I have been circling the drain on this question for a couple years, and have not properly asked the question before. This is not a homework problem - I have created the attached diagram and conceived the problem statement. I was hoping someone could evaluate my work and tell me where I am going wrong. When I calculate the energy input by pulling the cable with tension $W_1$ over a distance $L_1$, it does not match the energy required to lift weight $W_2$ to the height $L_2$. I know there is something wrong with how I am approaching the problem, but I can't figure out where my misstep is. I have been working on a couple inventions that center on this fundamental problem and I can't seem to get it right.

Problem Statement

A cable is partially wound around a drum of radius $R_1$ and fastened to its surface. The opposite end of this cable hangs freely. The drum rotates around a central axis, and is rigidly connected to a straight lever arm. A weight $W_2$ acts on the lever arm. The weight $W_2$ can slide freely so that when the arm rotates, the weight maintains a constant horizontal distance $R_{2,x}$ from the drum axis.

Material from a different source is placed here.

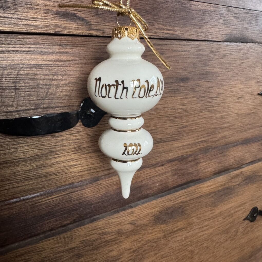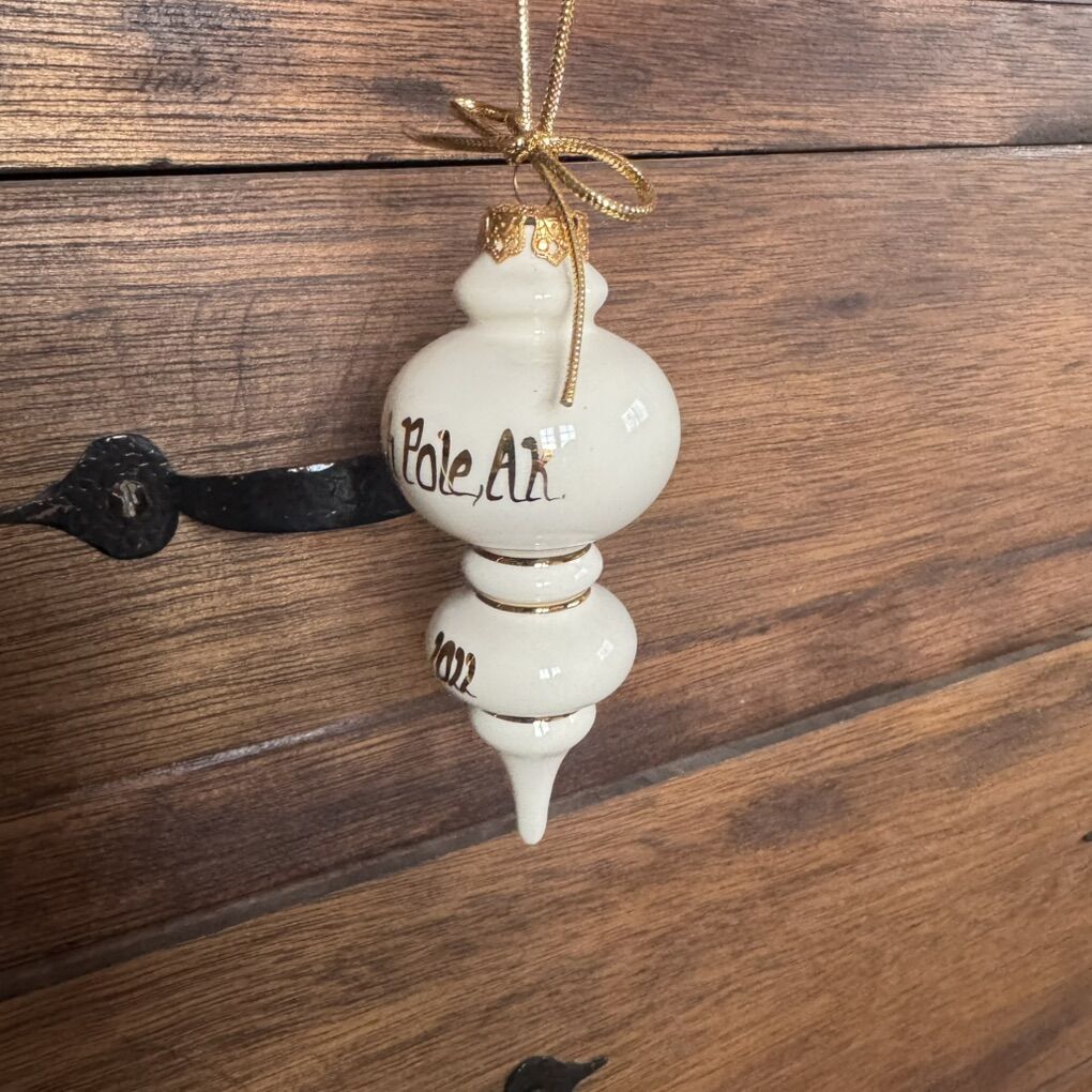 North Pole Alaska Reindeer Tracks Handcrafted 24kt Gold Trim Christmas Ornament 2022

The arm begins in a horizontal orientation, a vertical tension $W_1$ is applied to the free end of the cable and the cable is pulled down a distance $L_1$. As a result, the drum rotates through an angle $a$ and the weight $W_2$ is raised to a height $L_2$.

Analysis

Ignore stretching of the cable, and the inertia of the rigid body system (drum and lever arm). At all positions of the lever arm where $(0^\circ < a < 90^\circ)$, the weight W2 should generate a constant torque T2 about the drum's axis. This can be shown by: $$T_2=R\cdot W_{2,\bot}$$ $$T_2=\frac{R_{2,x}}{\cos(a)}W_2\cdot \cos(a)=W_2*R_{2,x}$$ The equilibrium tension in the cable should then be: $$W_1=\frac{T_2}{R_1}=W_2\frac{R_{2,x}}{R_1}$$ Since the torque generated by weight $W_2$ is constant, I assume that the equilibrium tension $W_1$ should also be constant. Therefore, by pulling the cable vertically down a distance $L_1$, the energy input into the system should be: $$E_1=W_1\cdot L_1$$ The angle $a$ that the lever rotates to, without slipping or stretching of the cable, should be: $$a=\frac{L_1}{R_1}$$ This rotation should lift the weight $W_2$ to a height of: $$L_2=R_{2,x}\tan(a)$$ This action should require an energy of: $$E_2=W_2\cdot L_2$$

In Summary

By pulling on the free end of the cable with tension $W_1$ and moving it a distance $L_1$ vertically, the weight $W_2$ will raise to a height of $L_2$. The input and output energies should be equal, but are calculated as: $$E_1=W_1\cdot L_1=\frac{W_2\cdot R_{2,x}\cdot L_1}{R_1}$$ $$E_2=W_2\cdot L_2=W_2\cdot R_{2,x}\cdot \tan(\frac{L_1}{R_1})$$

Substitution

$W_2=1~lb,~~R_{2,x}=10~in,~~R_1=3~in,~~L_1=3~in$ $$E_1=\frac{(1~lb)(10~in)(3~in)}{3~in}=10~in\cdot lbf$$ $$E_2=(1~lb)(10~in)tan(\frac{(3~in)}{(3~in)})=15.57~in\cdot lbf$$

Additional

I did find that performing a similar analysis with a see-saw type setup (placing a pivot at the center of a straight bar with vertical forces maintained at specified horizontal distances in each direction) produces a correct result with balanced energy. So there should be some problem with how I am calculating the height $L_2$ in the drum and lever setup. However it seems trivial to determine the angle $a$: without slipping or stretching of the cable, shouldn't the drum should rotate through an arc-distance equal to $L_1$?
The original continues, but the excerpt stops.